[Opening MATERIAL FOR THE TASK section]

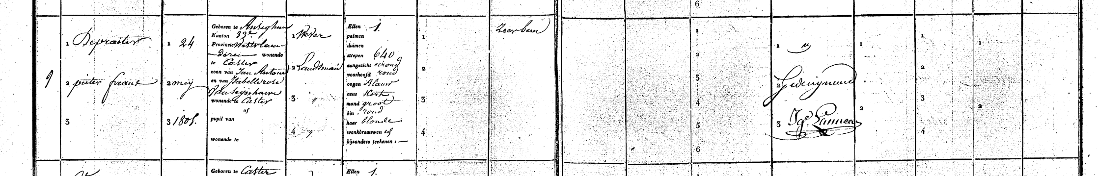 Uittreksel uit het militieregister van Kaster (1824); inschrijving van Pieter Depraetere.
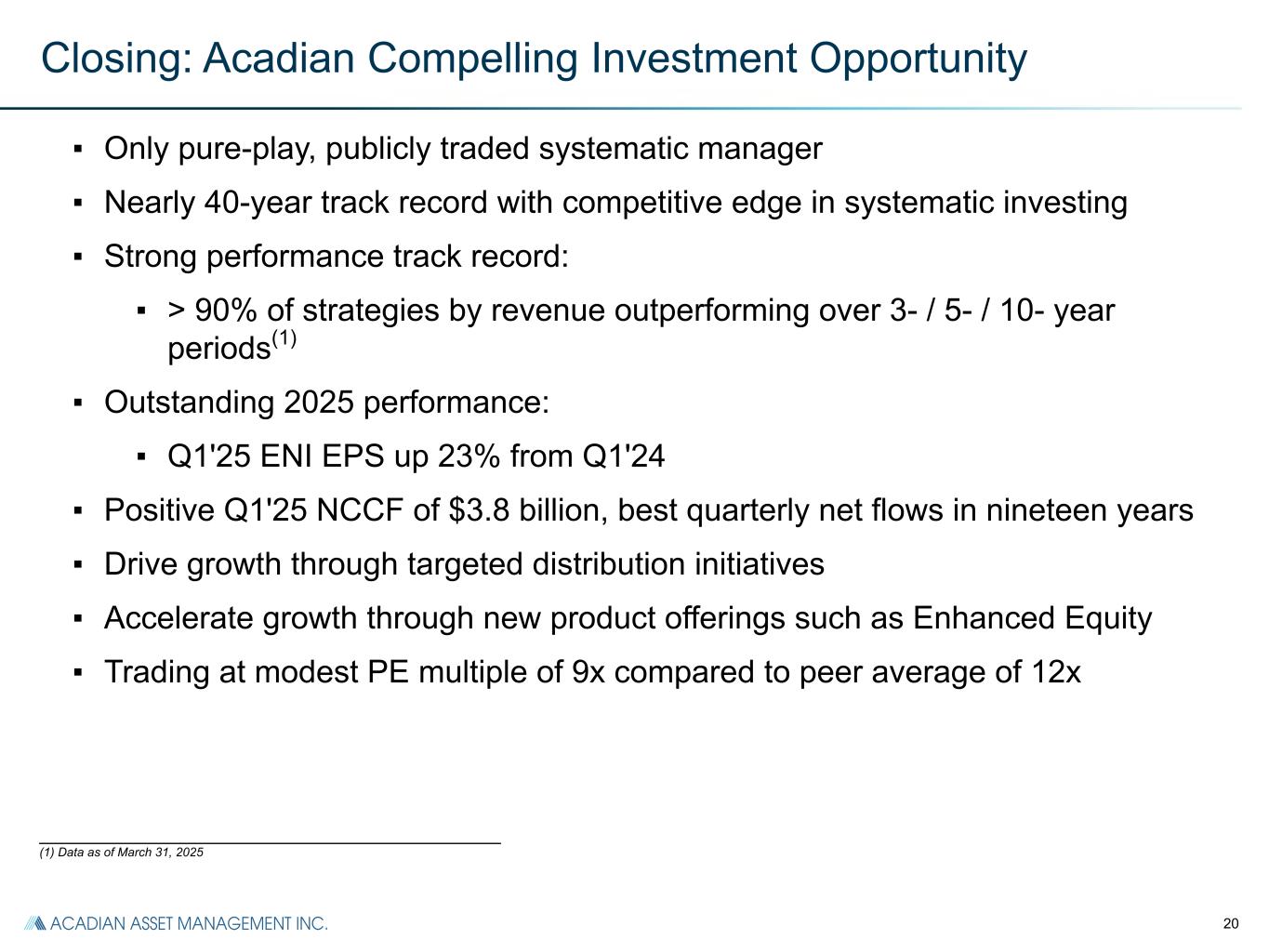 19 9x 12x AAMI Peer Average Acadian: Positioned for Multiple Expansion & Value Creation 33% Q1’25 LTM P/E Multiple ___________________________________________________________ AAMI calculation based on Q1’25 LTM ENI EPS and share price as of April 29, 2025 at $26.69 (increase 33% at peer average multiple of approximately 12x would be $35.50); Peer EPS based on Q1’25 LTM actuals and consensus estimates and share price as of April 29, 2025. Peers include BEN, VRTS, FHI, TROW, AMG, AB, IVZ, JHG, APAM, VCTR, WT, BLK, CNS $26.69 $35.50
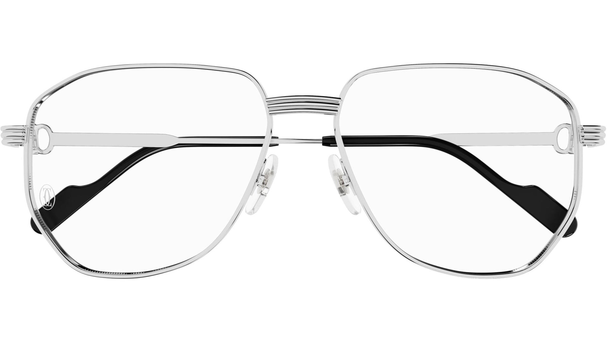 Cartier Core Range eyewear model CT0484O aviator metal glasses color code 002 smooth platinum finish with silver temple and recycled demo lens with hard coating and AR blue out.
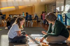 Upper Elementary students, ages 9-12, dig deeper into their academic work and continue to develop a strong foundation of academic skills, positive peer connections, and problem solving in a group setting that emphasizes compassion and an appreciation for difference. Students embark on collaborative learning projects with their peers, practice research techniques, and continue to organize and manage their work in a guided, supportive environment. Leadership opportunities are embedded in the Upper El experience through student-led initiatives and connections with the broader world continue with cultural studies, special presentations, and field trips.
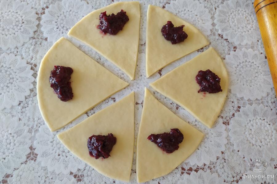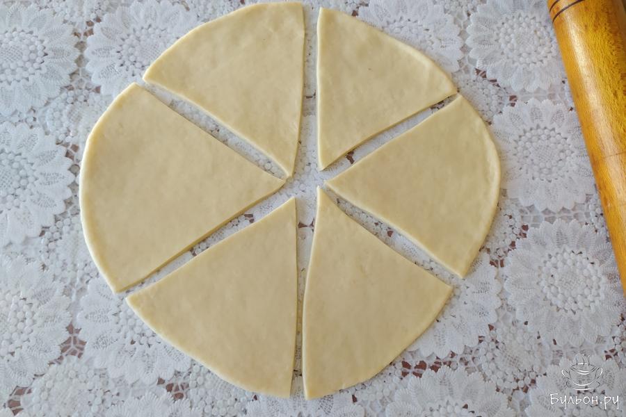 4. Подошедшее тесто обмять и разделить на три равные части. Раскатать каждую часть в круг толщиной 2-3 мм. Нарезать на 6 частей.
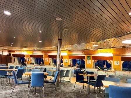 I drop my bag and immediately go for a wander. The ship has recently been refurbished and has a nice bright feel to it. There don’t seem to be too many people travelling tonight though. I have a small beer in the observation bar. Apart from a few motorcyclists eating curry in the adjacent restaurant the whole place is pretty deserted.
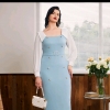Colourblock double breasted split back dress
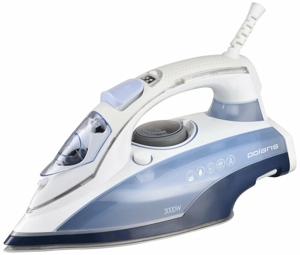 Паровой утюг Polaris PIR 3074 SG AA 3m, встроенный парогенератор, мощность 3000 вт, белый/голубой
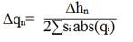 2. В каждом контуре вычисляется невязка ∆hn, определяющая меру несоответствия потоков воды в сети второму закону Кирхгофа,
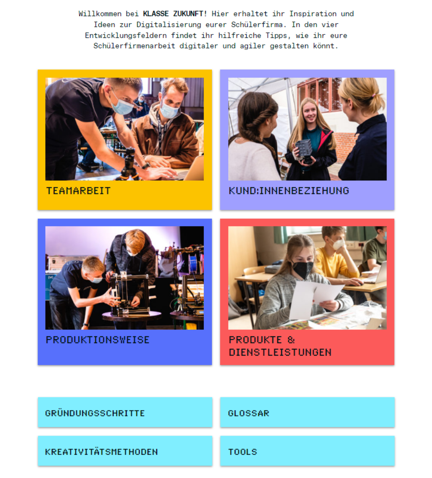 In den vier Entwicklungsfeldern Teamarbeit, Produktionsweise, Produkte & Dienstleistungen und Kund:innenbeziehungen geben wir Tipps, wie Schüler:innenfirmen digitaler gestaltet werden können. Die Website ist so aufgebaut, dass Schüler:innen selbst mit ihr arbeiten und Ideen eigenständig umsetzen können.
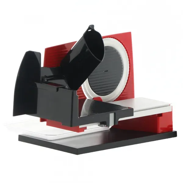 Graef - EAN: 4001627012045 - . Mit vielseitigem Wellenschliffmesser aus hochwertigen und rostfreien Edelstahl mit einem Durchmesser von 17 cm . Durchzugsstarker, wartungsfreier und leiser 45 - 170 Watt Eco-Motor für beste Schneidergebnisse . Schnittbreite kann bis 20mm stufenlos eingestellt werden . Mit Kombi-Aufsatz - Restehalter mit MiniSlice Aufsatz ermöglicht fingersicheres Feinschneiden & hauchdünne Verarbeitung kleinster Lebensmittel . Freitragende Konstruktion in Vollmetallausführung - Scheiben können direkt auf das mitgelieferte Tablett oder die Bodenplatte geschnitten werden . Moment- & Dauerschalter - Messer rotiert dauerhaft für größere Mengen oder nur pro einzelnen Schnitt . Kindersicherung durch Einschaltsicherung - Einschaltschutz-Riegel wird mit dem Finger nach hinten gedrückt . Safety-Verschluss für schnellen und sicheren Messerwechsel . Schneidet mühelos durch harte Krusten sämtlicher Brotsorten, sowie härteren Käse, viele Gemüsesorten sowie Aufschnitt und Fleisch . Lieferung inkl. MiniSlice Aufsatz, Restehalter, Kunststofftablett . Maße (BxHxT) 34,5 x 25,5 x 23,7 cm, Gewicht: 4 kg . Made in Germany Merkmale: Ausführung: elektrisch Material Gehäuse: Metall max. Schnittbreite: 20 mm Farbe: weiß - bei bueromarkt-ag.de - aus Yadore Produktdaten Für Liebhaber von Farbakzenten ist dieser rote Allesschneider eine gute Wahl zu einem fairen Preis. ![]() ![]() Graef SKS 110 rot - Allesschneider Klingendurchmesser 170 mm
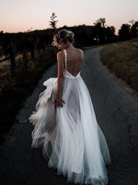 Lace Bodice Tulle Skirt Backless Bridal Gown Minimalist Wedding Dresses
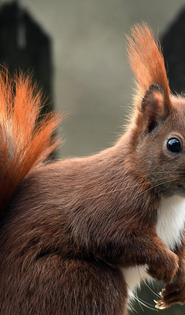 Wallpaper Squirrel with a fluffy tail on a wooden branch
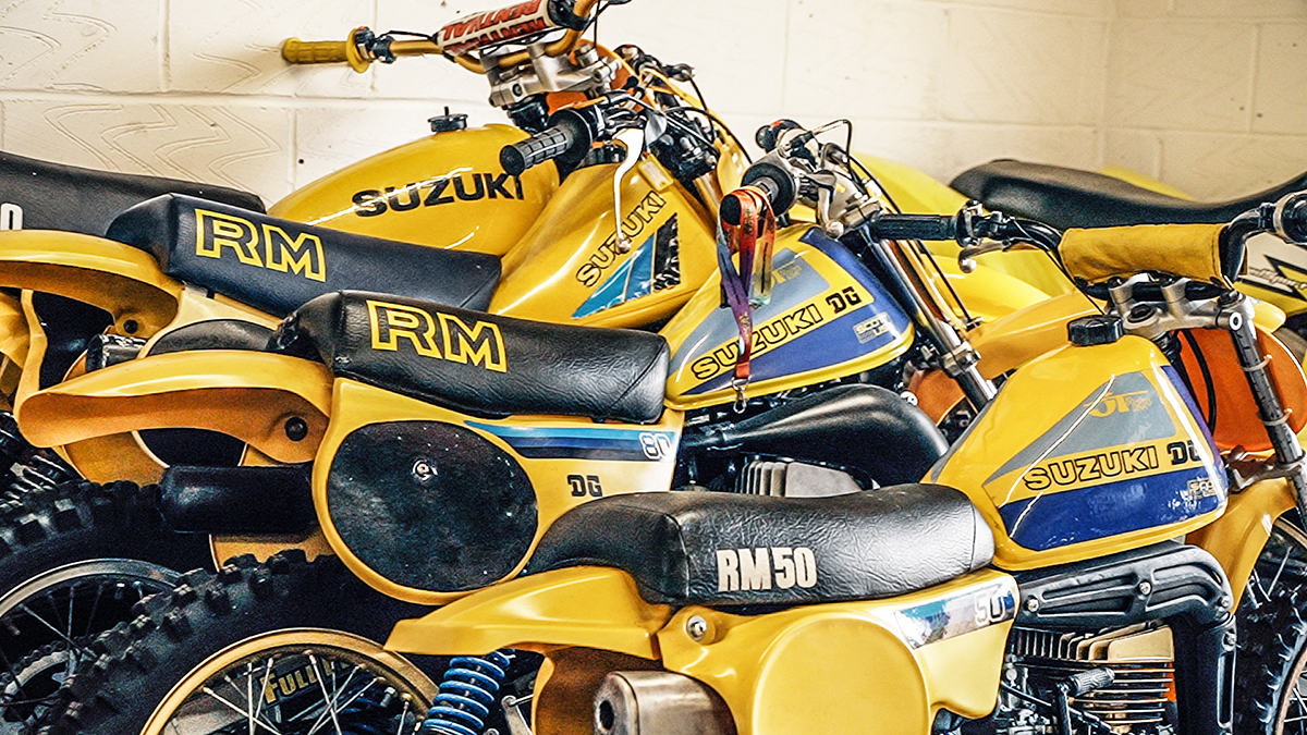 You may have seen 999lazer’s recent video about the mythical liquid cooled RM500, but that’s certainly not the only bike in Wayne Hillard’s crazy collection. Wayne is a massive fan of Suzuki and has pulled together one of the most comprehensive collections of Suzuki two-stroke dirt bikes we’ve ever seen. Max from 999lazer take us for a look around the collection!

[Closing MATERIAL FOR THE TASK section]

Copy out each record word for word and omit any pictures.

» **EXPECTED ANSWER**
 Uittreksel uit het militieregister van Kaster (1824); inschrijving van Pieter Depraetere.
 19 9x 12x AAMI Peer Average Acadian: Positioned for Multiple Expansion & Value Creation 33% Q1’25 LTM P/E Multiple ___________________________________________________________ AAMI calculation based on Q1’25 LTM ENI EPS and share price as of April 29, 2025 at $26.69 (increase 33% at peer average multiple of approximately 12x would be $35.50); Peer EPS based on Q1’25 LTM actuals and consensus estimates and share price as of April 29, 2025. Peers include BEN, VRTS, FHI, TROW, AMG, AB, IVZ, JHG, APAM, VCTR, WT, BLK, CNS $26.69 $35.50
 Cartier Core Range eyewear model CT0484O aviator metal glasses color code 002 smooth platinum finish with silver temple and recycled demo lens with hard coating and AR blue out.
 Upper Elementary students, ages 9-12, dig deeper into their academic work and continue to develop a strong foundation of academic skills, positive peer connections, and problem solving in a group setting that emphasizes compassion and an appreciation for difference. Students embark on collaborative learning projects with their peers, practice research techniques, and continue to organize and manage their work in a guided, supportive environment. Leadership opportunities are embedded in the Upper El experience through student-led initiatives and connections with the broader world continue with cultural studies, special presentations, and field trips.
 4. Подошедшее тесто обмять и разделить на три равные части. Раскатать каждую часть в круг толщиной 2-3 мм. Нарезать на 6 частей.
 I drop my bag and immediately go for a wander. The ship has recently been refurbished and has a nice bright feel to it. There don’t seem to be too many people travelling tonight though. I have a small beer in the observation bar. Apart from a few motorcyclists eating curry in the adjacent restaurant the whole place is pretty deserted.
Colourblock double breasted split back dress
 Паровой утюг Polaris PIR 3074 SG AA 3m, встроенный парогенератор, мощность 3000 вт, белый/голубой
 2. В каждом контуре вычисляется невязка ∆hn, определяющая меру несоответствия потоков воды в сети второму закону Кирхгофа,
 In den vier Entwicklungsfeldern Teamarbeit, Produktionsweise, Produkte & Dienstleistungen und Kund:innenbeziehungen geben wir Tipps, wie Schüler:innenfirmen digitaler gestaltet werden können. Die Website ist so aufgebaut, dass Schüler:innen selbst mit ihr arbeiten und Ideen eigenständig umsetzen können.
 Graef - EAN: 4001627012045 - . Mit vielseitigem Wellenschliffmesser aus hochwertigen und rostfreien Edelstahl mit einem Durchmesser von 17 cm . Durchzugsstarker, wartungsfreier und leiser 45 - 170 Watt Eco-Motor für beste Schneidergebnisse . Schnittbreite kann bis 20mm stufenlos eingestellt werden . Mit Kombi-Aufsatz - Restehalter mit MiniSlice Aufsatz ermöglicht fingersicheres Feinschneiden & hauchdünne Verarbeitung kleinster Lebensmittel . Freitragende Konstruktion in Vollmetallausführung - Scheiben können direkt auf das mitgelieferte Tablett oder die Bodenplatte geschnitten werden . Moment- & Dauerschalter - Messer rotiert dauerhaft für größere Mengen oder nur pro einzelnen Schnitt . Kindersicherung durch Einschaltsicherung - Einschaltschutz-Riegel wird mit dem Finger nach hinten gedrückt . Safety-Verschluss für schnellen und sicheren Messerwechsel . Schneidet mühelos durch harte Krusten sämtlicher Brotsorten, sowie härteren Käse, viele Gemüsesorten sowie Aufschnitt und Fleisch . Lieferung inkl. MiniSlice Aufsatz, Restehalter, Kunststofftablett . Maße (BxHxT) 34,5 x 25,5 x 23,7 cm, Gewicht: 4 kg . Made in Germany Merkmale: Ausführung: elektrisch Material Gehäuse: Metall max. Schnittbreite: 20 mm Farbe: weiß - bei bueromarkt-ag.de - aus Yadore Produktdaten Für Liebhaber von Farbakzenten ist dieser rote Allesschneider eine gute Wahl zu einem fairen Preis. ![]() ![]() Graef SKS 110 rot - Allesschneider Klingendurchmesser 170 mm
 Lace Bodice Tulle Skirt Backless Bridal Gown Minimalist Wedding Dresses
 Wallpaper Squirrel with a fluffy tail on a wooden branch
 You may have seen 999lazer’s recent video about the mythical liquid cooled RM500, but that’s certainly not the only bike in Wayne Hillard’s crazy collection. Wayne is a massive fan of Suzuki and has pulled together one of the most comprehensive collections of Suzuki two-stroke dirt bikes we’ve ever seen. Max from 999lazer take us for a look around the collection!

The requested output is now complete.